FC SKVICH Minsk was a Belarusian football club based in Minsk, last playing in the Belarusian Second League.

History
The team was founded in late 2000 by travel company SKVICH, which had had investments in sport and football projects (such as their own football school) for several years. Before the start of their first season, after gaining support from Belarusian Railways, the team was renamed Lokomotiv Minsk.
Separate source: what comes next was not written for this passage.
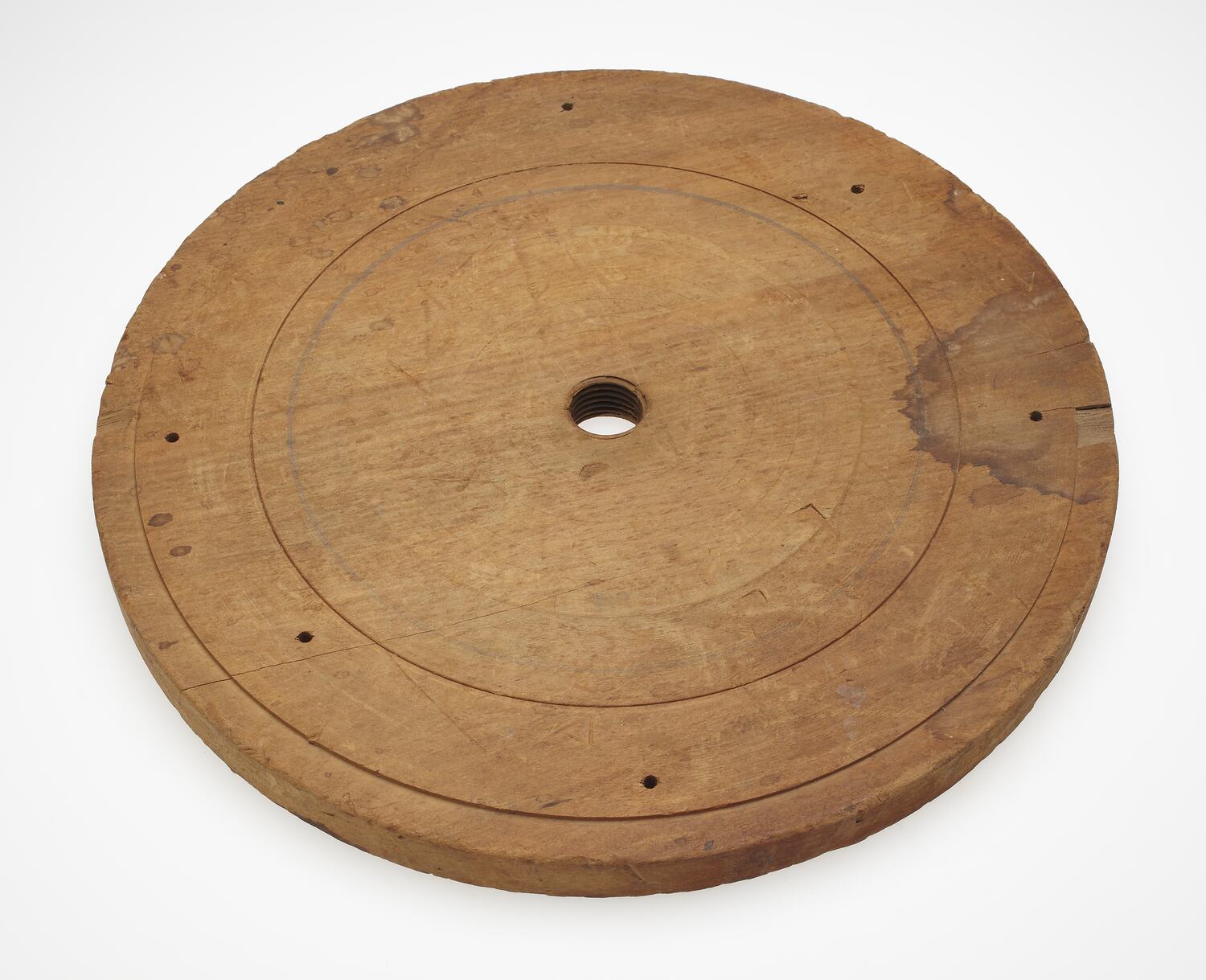 Large, round, thick disc made from gold-coloured wood. Front of disc has multitudes of circular striations that differ in thickness and depth and which run parallel to one another. A circular hole with screw-like inner sides is present in centre of disc. Six smaller holes penetrate the disc and are located at regular intervals close to the edge.

The team won the Second League in 2001 and finished 3rd in the First League the following year and was promoted to the Belarusian Premier League.

Lokomotiv finished in the relegation zone of the table in three of their four seasons in the Premier League; twice they were promoted after only one season, until they got stuck in the First League following relegation in 2008. In 2009, they reverted to their original name SKVICH Minsk.

Lokomotiv reached the final of the 2002–03 Belarusian Cup, losing to Dinamo Minsk.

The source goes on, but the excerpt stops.